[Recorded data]
*** Begin section ***

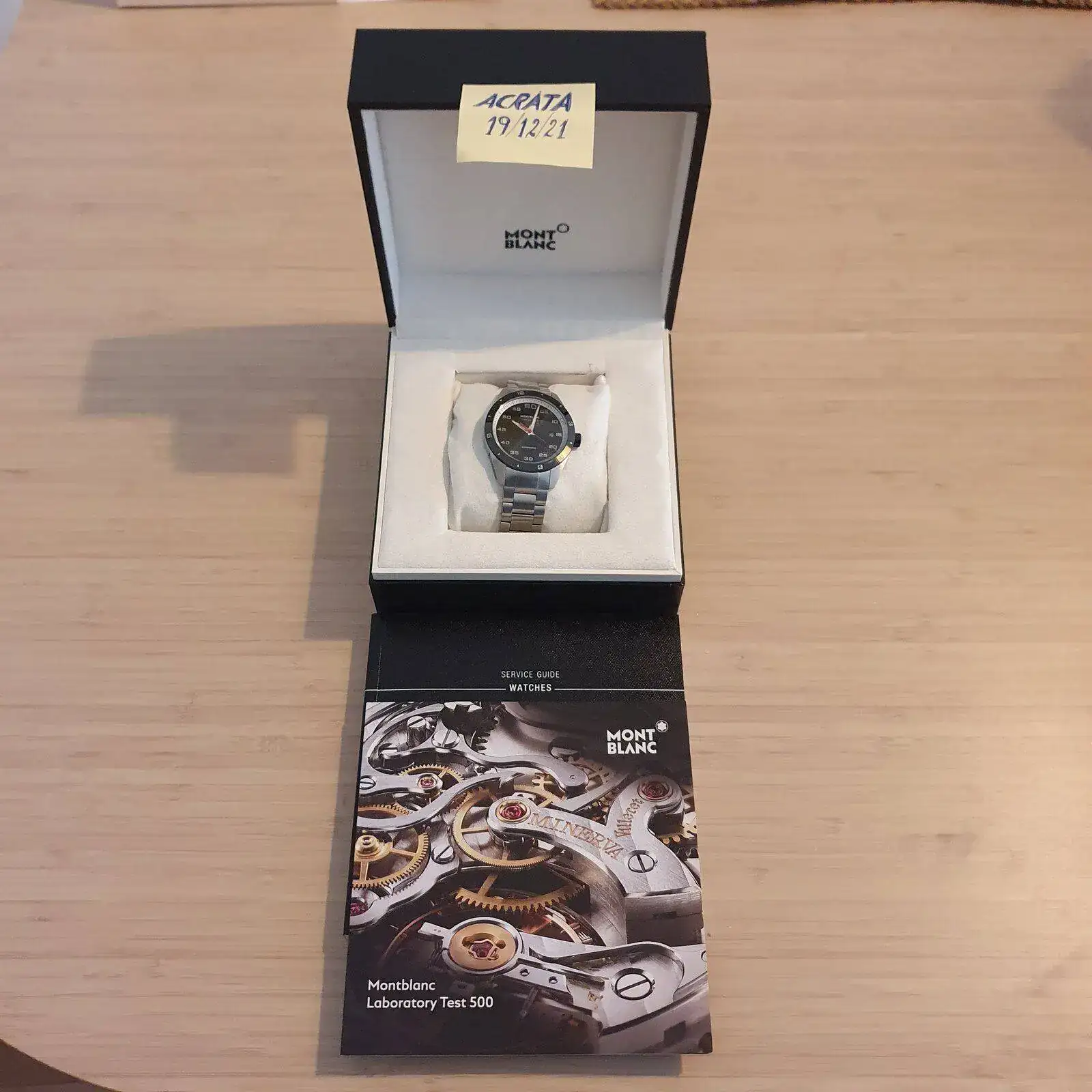 Buenos días: Vendo este Montblanc, que sin perjuicio de que la fecha de compra es de 2018, el uso ha sido casi nulo. Indicaros que no hay un precio parecido al que pongo. El más barato que he encontrado en la red, era sin documentación. No quiero cambios, sólo aceptaría un glycine combat con correa de caucho como parte de pago. Si es trato en persona en Barcelona, o bien en Madrid mañana día 20 por la tarde , o día 21 hasta el mediodía podría ajustar el importe.
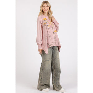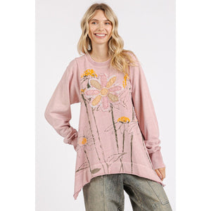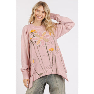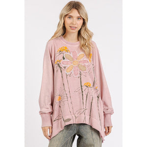 Mittoshop Flower Graphic Print and Patch Oversized Sweatshirt
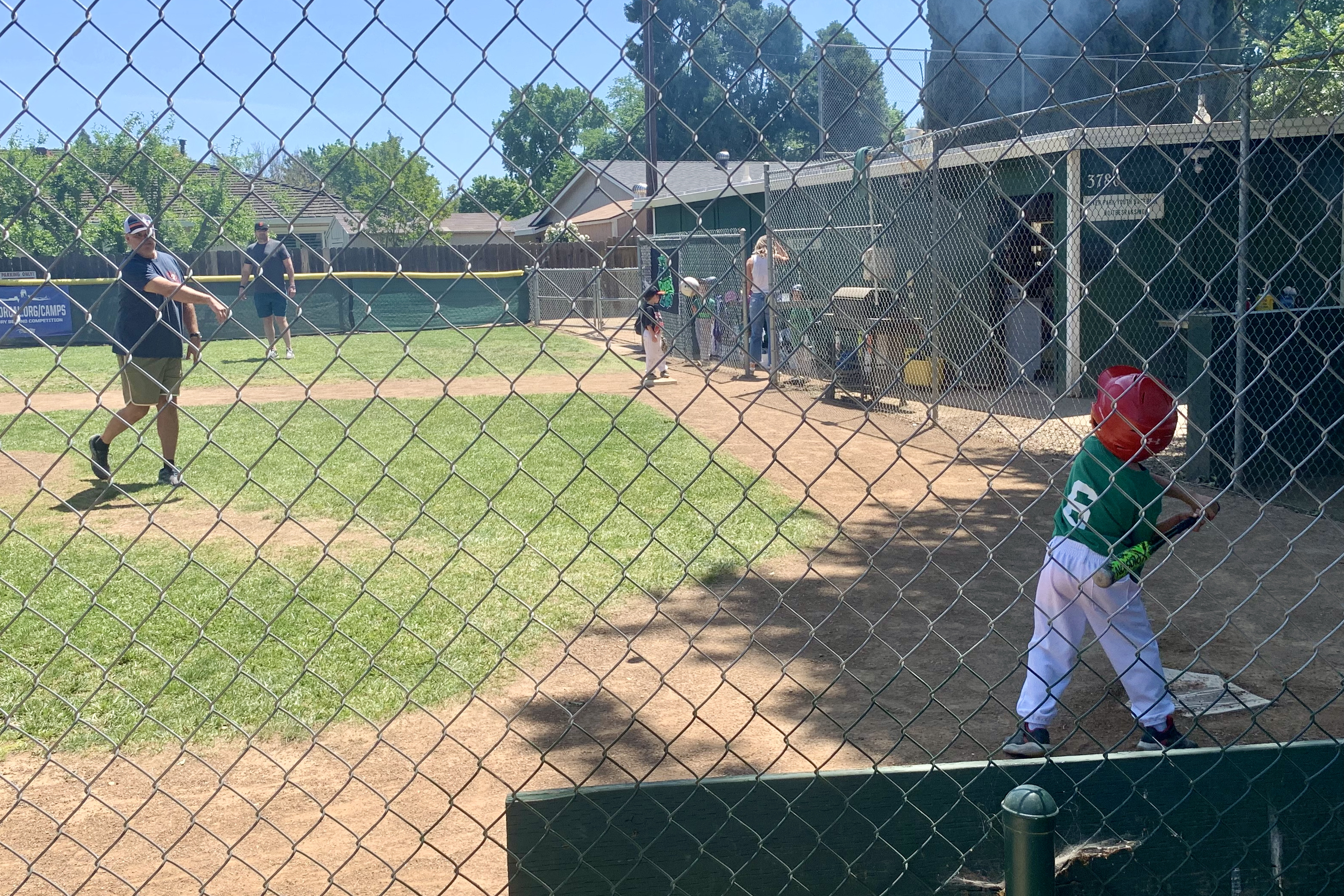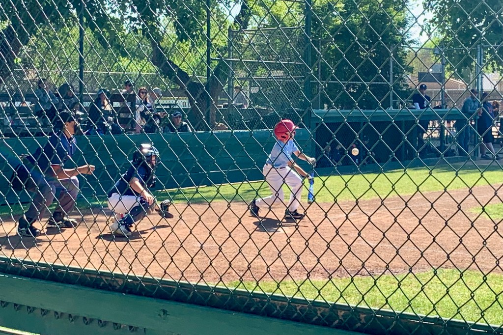 Saturday afternoon. Carson hit a pitched ball into the outfield:
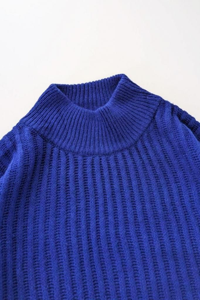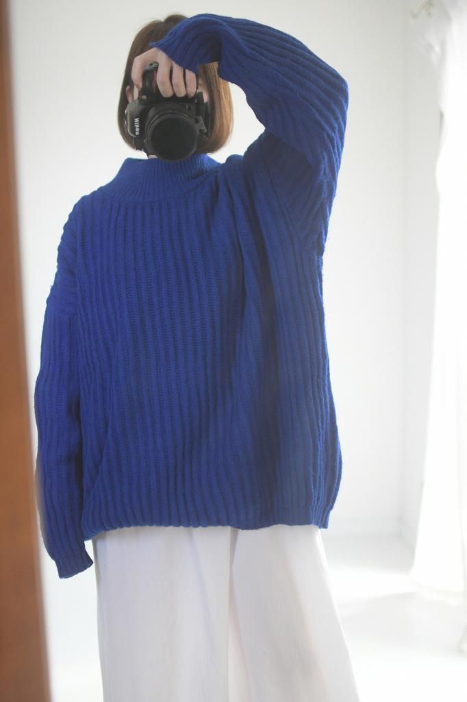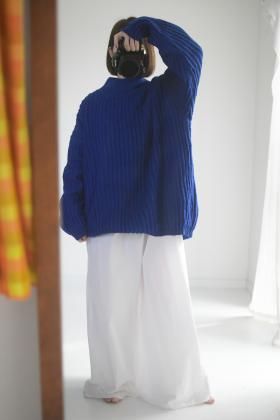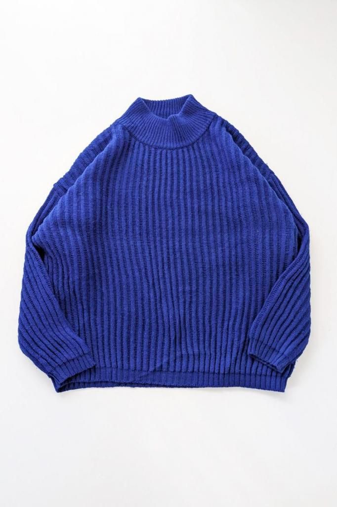 真っ青のブルーが綺麗なモックネックニット。身幅の広いオーバーサイズで、秋冬の街を彩る発色が素敵です。
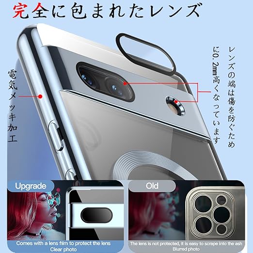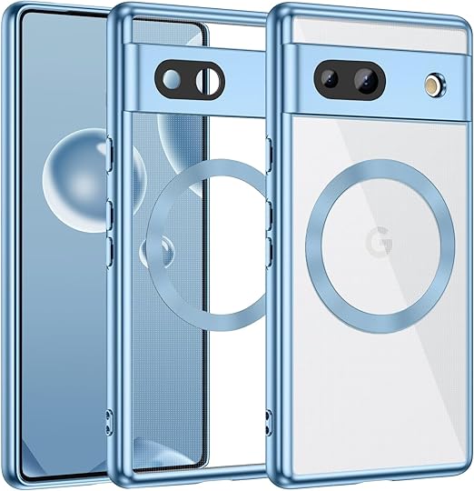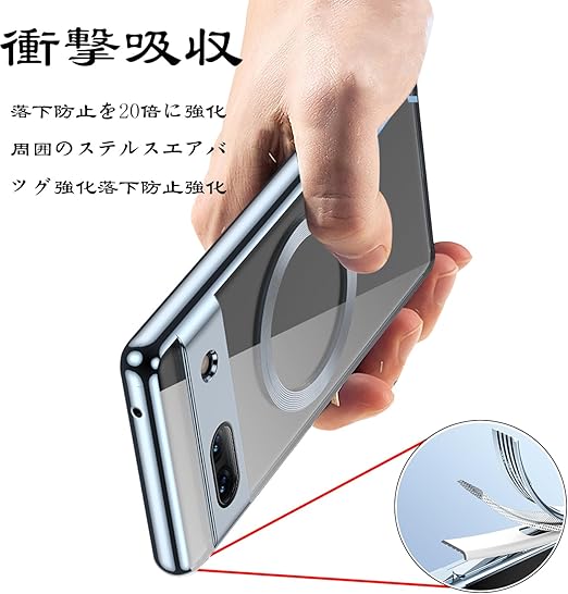 MuZiF Google Pixel 8a 用 ケース クリア メッキ加工 Magsafe対応 永久磁石 レンズ保護 TPU ソフトケース 薄くて軽い 人気 耐衝撃 携帯カバー スマホケース ピクセル 8a クリアケース (Google Pixel 8a,ブルー a
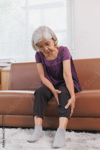 senior, woman, knee, pain, joint, leg, arthritis, osteoarthritis, injury, muscle, health, problem, health care, medicals, ageing, elderly, asian, people, female, sitting, sofa, living, room, home, indoor, relief, massage, physical, therapy, retirement, wellness, lifestyle, comfort, relaxation, support, care, assistance, geriatric, age, adult, old, domestic, life, house, apartment
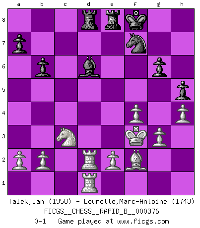 Last move : 0-1 2022 May 13 18:55:26 [Event "FICGS__CHESS__RAPID_B__000376"] [Site "FICGS"] [Date "2022.03.12"] [Round "1"] [White "Talek,Jan"] [Black "Leurette,Marc-Antoine"] [Result "0-1"] [WhiteElo "1958"] [BlackElo "1743"] 1.Nh3 e5 2.d4 exd4 3.Qxd4 Nc6 4.Qa4 d5 5.g3 Nf6 6.Bg2 Be7 7.Nf4 Be6 8.O-O O-O 9.c4 dxc4 10.Nxe6 fxe6 11.Qxc4 Qd7 12.Nc3 Ne5 13.Qb5 Qxb5 14.Nxb5 Nd5 15.Bxd5 exd5 16.Nxc7 Rac8 17.Nxd5 Bd6 18.Rd1 Nf7 19.Be3 b6 20.Rac1 Rcd8 21.Kg2 Rfe8 22.Rc2 h6 23.h4 Be5 24.Rcd2 Bd6 25.f3 Rd7 26.f4 Kf8 27.Bf2 h5 28.Nc3 g6 29.Kf3 R7d8 0-1 This chess game has been lost on time (started : 2022.03.12 1:59:46) Amar (Paris) Opening Kingside Castling by player White (move 8) Kingside Castling by player Black (move 8) Player Black won this chess game. Follow this game move after move (download)If Chess is a science, it's a most inexact one. If Chess is an art, it is too exacting to be seen as one. If Chess is a sport, it's too esoteric. If Chess is a game, it's too demanding to be just a game. If Chess is a mistress, she's a demanding one. If Chess is a passion, it's a rewarding one. If Chess is life, it's a sad one. (Unknown) Versuche, dich von der Sklaverei der Eröffnungsvarianten zu befreien. Stattdessen soll man gewisse Typenpositionen erlernen, die man eingehend analysiert. (Aaron Nimzowitsch) El jugador táctico sabe que hacer cuando hay algo que hacer; mientras que el estratega sabe que hacer cuando no hay nada que hacer. (Gerald Abrahams) Les réformistes prétendent que les progrès de la théorie conduiront à la disparition des échecs, et qu'il faut, pour leur rendre vie, en remanier les règles. En réalité, qu'exprime cette affirmation? Le mépris de l'intuition, de l'imagination et de tous les autres éléments qui font des échecs un art. (Alexander Alekhine) There is a great deal of difference between an eager man who wants to read a book and a tired man who wants a book to read. (G.K. Chesterton)
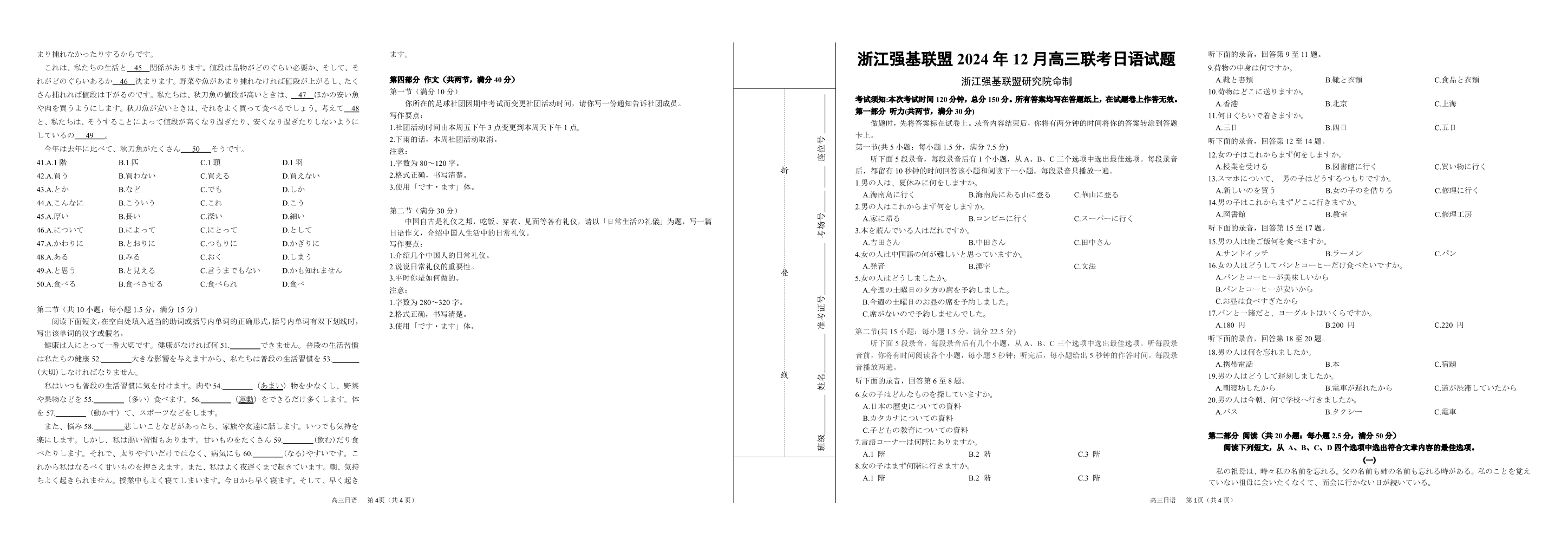 浙江省强基联盟2024年12月高三联考 日语
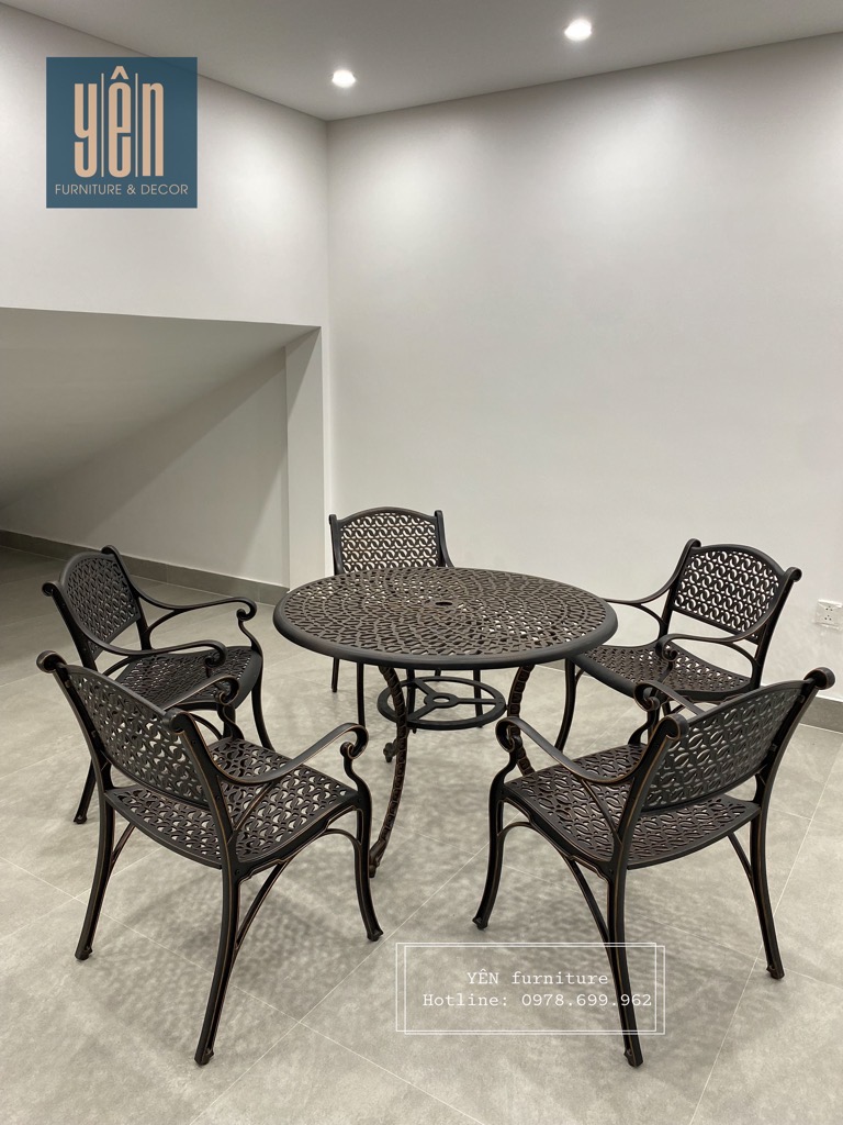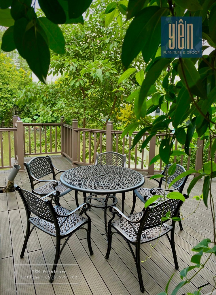 Bộ bàn ghế sân vườn với bàn tròn và 5 ghế là một yếu tố vô cùng quan trọng giúp sân vườn nhà bạn thêm phần sang trọng và lịch sự trong những buổi cafe, bữa tiệc ngoài trời với gia đình và bạn bè.
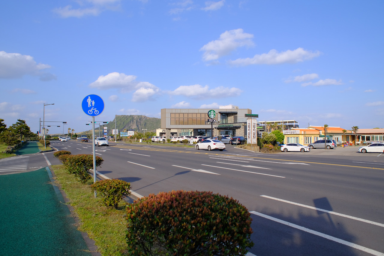 스타벅스에 주문을 하고 자리에 앉아 지도와 스마트폰을 보며 계산을 해본다. 2코스의 경우 광치기 해변에서부터 자연스럽게 남쪽을 향하지 않고 식산봉을 오르기 위해 북쪽을 둘러 내려오는 형태였다. 17:00가 넘어간 시간. 제주 동마트까지의 거리는 5.7km로 2시간 이내면 마칠 수 있는 거리였다. 동마트까지 가는 것을 목표로 스타벅스 건너편으로 넘어가 리본과 이정표를 따라 다시 걷기 시작했다. 하지만 길을 걷다 보니 조금 이상한 느낌이 든다. 식산봉을 가야 하는데 방향은 다른 곳을 향하고 있었기 때문이다. 유작가가 제주올레로 전화를 걸어 문의해본 결과 공사로 인해 우회되는 구간이었다.
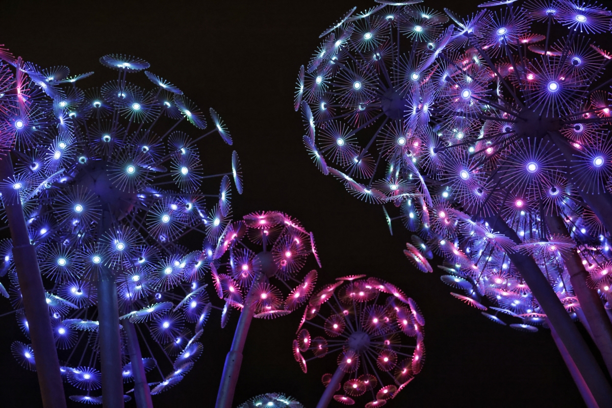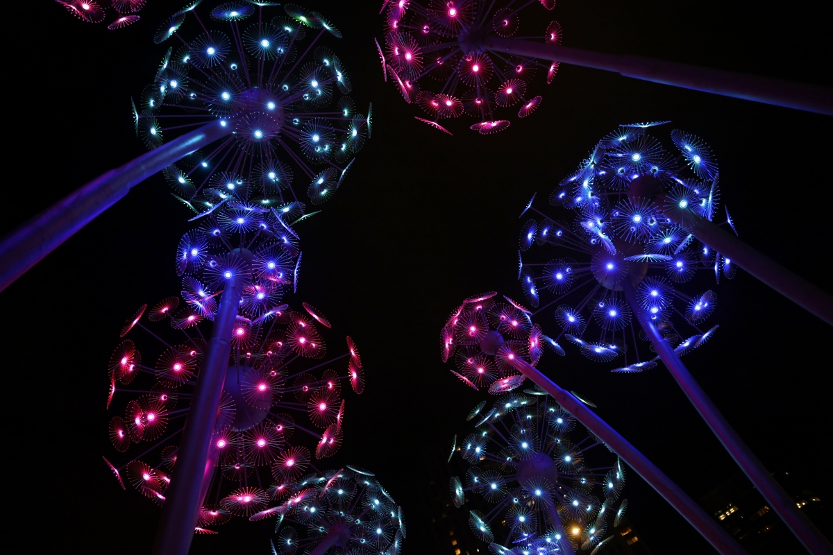 夜幕降臨,裝置由蒲公英幻化為煙花爆破的瞬間。

*** End section ***

Repeat exactly, please: transcribe each entry and leave out the pictures.

 Buenos días: Vendo este Montblanc, que sin perjuicio de que la fecha de compra es de 2018, el uso ha sido casi nulo. Indicaros que no hay un precio parecido al que pongo. El más barato que he encontrado en la red, era sin documentación. No quiero cambios, sólo aceptaría un glycine combat con correa de caucho como parte de pago. Si es trato en persona en Barcelona, o bien en Madrid mañana día 20 por la tarde , o día 21 hasta el mediodía podría ajustar el importe.
 Mittoshop Flower Graphic Print and Patch Oversized Sweatshirt
 Saturday afternoon. Carson hit a pitched ball into the outfield:
 真っ青のブルーが綺麗なモックネックニット。身幅の広いオーバーサイズで、秋冬の街を彩る発色が素敵です。
 MuZiF Google Pixel 8a 用 ケース クリア メッキ加工 Magsafe対応 永久磁石 レンズ保護 TPU ソフトケース 薄くて軽い 人気 耐衝撃 携帯カバー スマホケース ピクセル 8a クリアケース (Google Pixel 8a,ブルー a
 senior, woman, knee, pain, joint, leg, arthritis, osteoarthritis, injury, muscle, health, problem, health care, medicals, ageing, elderly, asian, people, female, sitting, sofa, living, room, home, indoor, relief, massage, physical, therapy, retirement, wellness, lifestyle, comfort, relaxation, support, care, assistance, geriatric, age, adult, old, domestic, life, house, apartment
 Last move : 0-1 2022 May 13 18:55:26 [Event "FICGS__CHESS__RAPID_B__000376"] [Site "FICGS"] [Date "2022.03.12"] [Round "1"] [White "Talek,Jan"] [Black "Leurette,Marc-Antoine"] [Result "0-1"] [WhiteElo "1958"] [BlackElo "1743"] 1.Nh3 e5 2.d4 exd4 3.Qxd4 Nc6 4.Qa4 d5 5.g3 Nf6 6.Bg2 Be7 7.Nf4 Be6 8.O-O O-O 9.c4 dxc4 10.Nxe6 fxe6 11.Qxc4 Qd7 12.Nc3 Ne5 13.Qb5 Qxb5 14.Nxb5 Nd5 15.Bxd5 exd5 16.Nxc7 Rac8 17.Nxd5 Bd6 18.Rd1 Nf7 19.Be3 b6 20.Rac1 Rcd8 21.Kg2 Rfe8 22.Rc2 h6 23.h4 Be5 24.Rcd2 Bd6 25.f3 Rd7 26.f4 Kf8 27.Bf2 h5 28.Nc3 g6 29.Kf3 R7d8 0-1 This chess game has been lost on time (started : 2022.03.12 1:59:46) Amar (Paris) Opening Kingside Castling by player White (move 8) Kingside Castling by player Black (move 8) Player Black won this chess game. Follow this game move after move (download)If Chess is a science, it's a most inexact one. If Chess is an art, it is too exacting to be seen as one. If Chess is a sport, it's too esoteric. If Chess is a game, it's too demanding to be just a game. If Chess is a mistress, she's a demanding one. If Chess is a passion, it's a rewarding one. If Chess is life, it's a sad one. (Unknown) Versuche, dich von der Sklaverei der Eröffnungsvarianten zu befreien. Stattdessen soll man gewisse Typenpositionen erlernen, die man eingehend analysiert. (Aaron Nimzowitsch) El jugador táctico sabe que hacer cuando hay algo que hacer; mientras que el estratega sabe que hacer cuando no hay nada que hacer. (Gerald Abrahams) Les réformistes prétendent que les progrès de la théorie conduiront à la disparition des échecs, et qu'il faut, pour leur rendre vie, en remanier les règles. En réalité, qu'exprime cette affirmation? Le mépris de l'intuition, de l'imagination et de tous les autres éléments qui font des échecs un art. (Alexander Alekhine) There is a great deal of difference between an eager man who wants to read a book and a tired man who wants a book to read. (G.K. Chesterton)
 浙江省强基联盟2024年12月高三联考 日语
 Bộ bàn ghế sân vườn với bàn tròn và 5 ghế là một yếu tố vô cùng quan trọng giúp sân vườn nhà bạn thêm phần sang trọng và lịch sự trong những buổi cafe, bữa tiệc ngoài trời với gia đình và bạn bè.
 스타벅스에 주문을 하고 자리에 앉아 지도와 스마트폰을 보며 계산을 해본다. 2코스의 경우 광치기 해변에서부터 자연스럽게 남쪽을 향하지 않고 식산봉을 오르기 위해 북쪽을 둘러 내려오는 형태였다. 17:00가 넘어간 시간. 제주 동마트까지의 거리는 5.7km로 2시간 이내면 마칠 수 있는 거리였다. 동마트까지 가는 것을 목표로 스타벅스 건너편으로 넘어가 리본과 이정표를 따라 다시 걷기 시작했다. 하지만 길을 걷다 보니 조금 이상한 느낌이 든다. 식산봉을 가야 하는데 방향은 다른 곳을 향하고 있었기 때문이다. 유작가가 제주올레로 전화를 걸어 문의해본 결과 공사로 인해 우회되는 구간이었다.
 夜幕降臨,裝置由蒲公英幻化為煙花爆破的瞬間。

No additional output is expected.